# Hey all :) .. any breeders?? north london :)



## juniorsil

New here, and im on my way to eventually buying a pet Rat .. never thought of owning one as a pet before but after watching some videos, and doing some research on them, they seem to be really great pets ..
i already have a dog (but hes a little sh*t lol and hes technically my mums dog) but i want something small to have as my own, i had a hamster which died unfortunately .. so im not a total noob xD .. (im well aware rats and hamsters are not alike)

but yes  if there are any breeders here that are based in north london send me an email ([email protected])

thanks ^_^


----------



## The Boggit keeper

Hi and Welcome!


----------



## juniorsil

thanks xD


----------



## laoshu

Hi there and welcome to the forum  .

I have sent you a pm regarding rats , I noticed this would be your first time owning a pet rat.
Rats are extreamly sociable and love to play so should always be housed in pairs minimum.

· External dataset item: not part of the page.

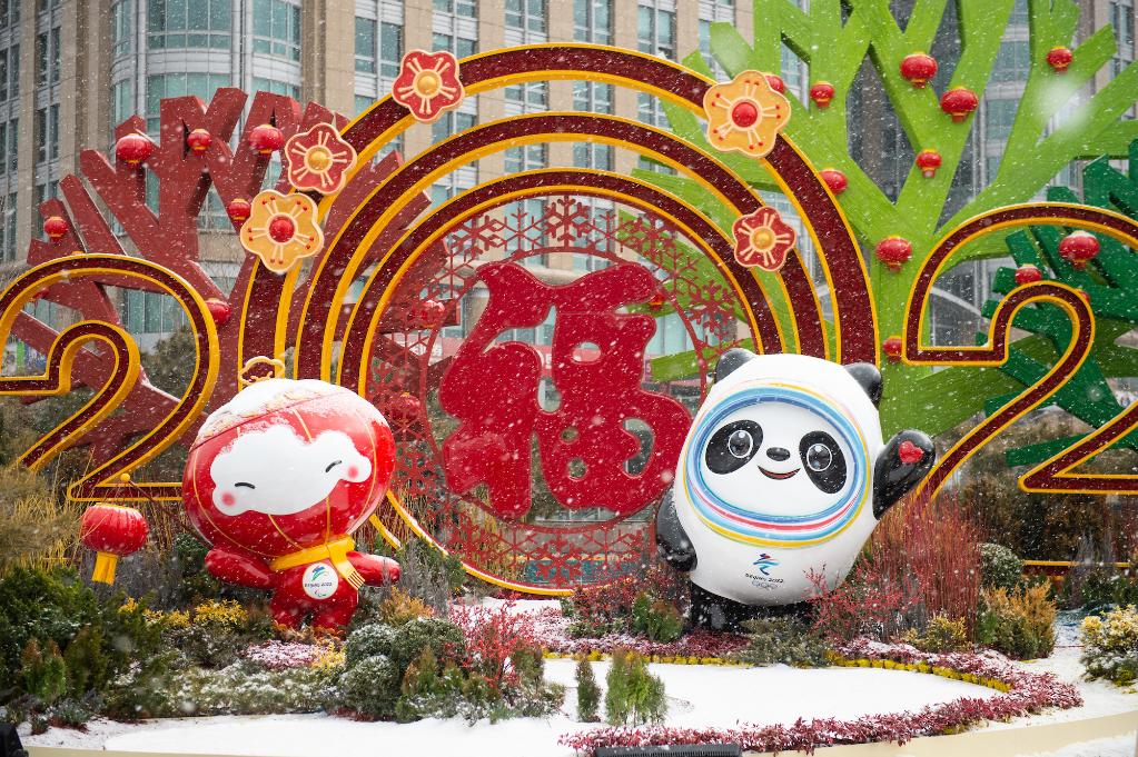 2022年1月20日大寒时节,北京冬奥会“冰墩墩”和冬残奥会吉祥物“雪容融”景观在北京东单路口增添节日的喜庆气氛。新华社记者 陈钟昊 摄

A single rat would get very lonely and have no one to play with most its life ( unless you was to have it out 20 hours a day all hours day/night)
If you would like any more advice on keeping pet rats please feel free to ask on here as there is a few of us that keep them


----------



## Oneweek22

I dont have any rats now but I have had some in the past so maybe I could help with questions or advise as well.


----------



## juniorsil

yeah thats fine .. i am still unsure about owning 2 :\ .. it wouldnt be cage bound, it would be mostly let out (not 24/7 ofcorse lol) ..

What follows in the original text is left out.